Wie der Autor zeigt, bietet das Bauen unter der Erde neue und sehr interessante Wege. Freiliegende Industriebauten stellen insofern ein heikleres Problem dar, als die Nähe von Ansiedlungen oder Touristenzentren für die Wahl der Konstruktionssysteme ausschlaggebend ist, die oft unter dem Einfluß des von der Vorstellung des Architekten geschaffenen traditionellen Modus’ stehen. Diese Art von Anpassung, des Werkes an ein besonderes Klima, hält, weit davon entfernt, eine moderne Auffassung des zu schaffenden Ganzen zu verhindern, im Gegenteil eine gültige Tradition aufrecht, die es verdient, erhalten zu werden.

Der Architekt führt danach die verschiedenen, diesen industriellen Bauten mit ihren besonderen Normen eigenen Probleme an. Das menschliche Problem hat eine spezielle Bedeutung und der Komfort des Personals, das im Innern dem ständigen Kontakt mit geräuschvollen Maschinen ausgesetzt ist, mußte besonders berücksichtig werden. Vor den Gebäuden breitet sich die Schönheit der Alpenlandschaft aus; im Winter drohen aber auch Schnee, Sturm und Lawinengefahr.

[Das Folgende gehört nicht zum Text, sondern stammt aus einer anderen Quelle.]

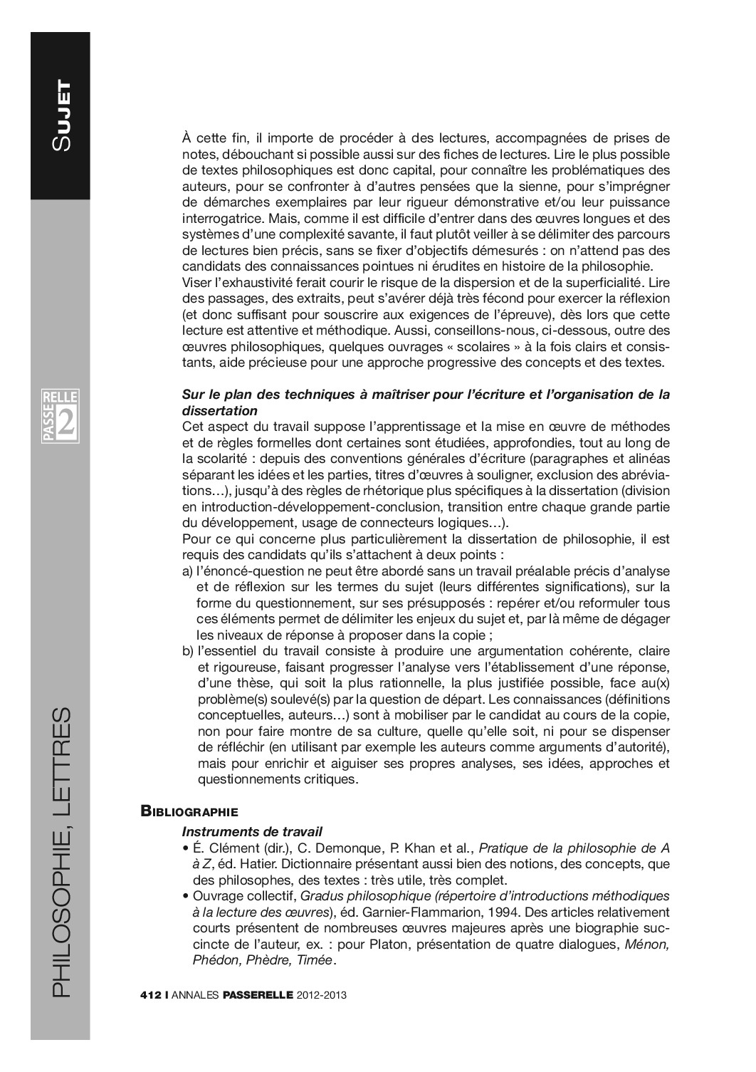 Concours Passerelle 2 2012 - Philosophie, Lettres et Sciences humaines (Sujet)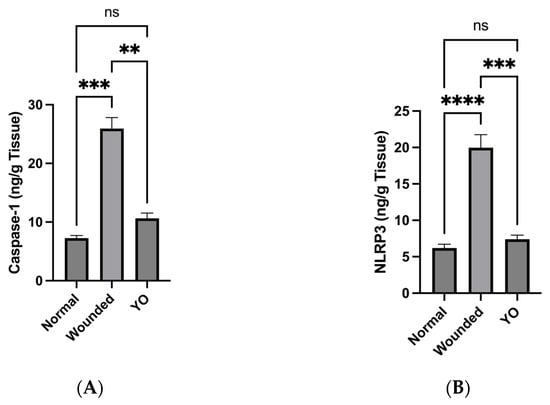 (A): Caspase-1 level (ng/g tissue) in normal, wounded, and YO-treated groups. (B): NLRP3 level (ng/g tissue) in normal, wounded, and YO-treated groups. Data are presented as mean ± SEM. Significance is considered at p < 0.05. The quantity of asterisks (*) denotes the degree of significance; (**): p < 0.01, (***): p < 0.001, (****): p < 0.0001; ns: no significance.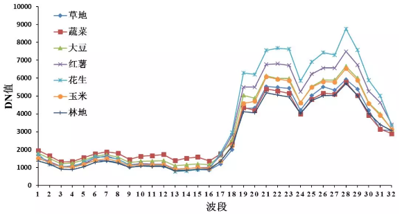 我們將實地提取的農(nóng)作物進行分析得出平均光譜,如下圖所示,將農(nóng)作物分為玉米、紅薯、大豆、花生、蔬菜、草地、林地、其他植被和非植被(水體、建筑、裸地和道路)。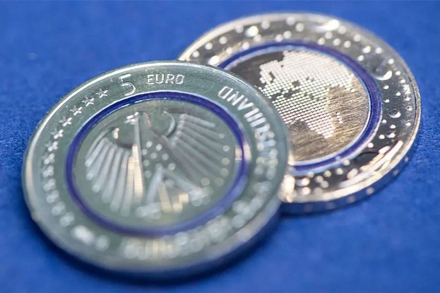 Министр финансов Баварии Маркус Зедер представил новую монету номиналом 5 евро. Как передает РБК, в центре монеты находится голубое кольцо из пластика.
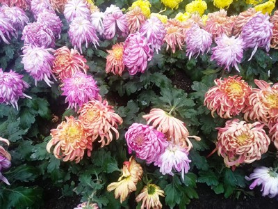 一走进人民公园,迎面可见百余种菊花各显美态,争奇斗艳。 人民公园北大门广场的"锦绣天府 菊颂今秋″超大盖碗茶雕搭配竹编桌椅,烟火成都的休闲气息展现!沿着两旁的菊花走廊前行至大草场展区,″穿越千年,古蜀双壁″,太阳神鸟与三星堆青铜面具在菊花中跃动,菊花丛喚醒了历史。走到中心花坛,看见"诗意成都,金秋菊韵"白居易咏菊诗意展现,姹紫嫣红,金菊如栗;转过一片树林,来到纪念碑广场的″铭记丰碑·礼献先烈",以盛开的菊花花蓝,寄托着对先烈们的深切敬意。

Der Artikel schließt mit einem Bericht über die Anlage der unmittelbaren Umgebung dieser Werke, die der Natur am Ende der Arbeiten gewissermaßen wiedergegeben wurden und es wird dem Architekten gewünscht, mit ähnlichen Projekten in Berührung zu kommen. Sie werden ihnen neue Freuden in einem wunderbaren Beruf, der Tag für Tag zur Lösung neuer Probleme auffordert, schenken.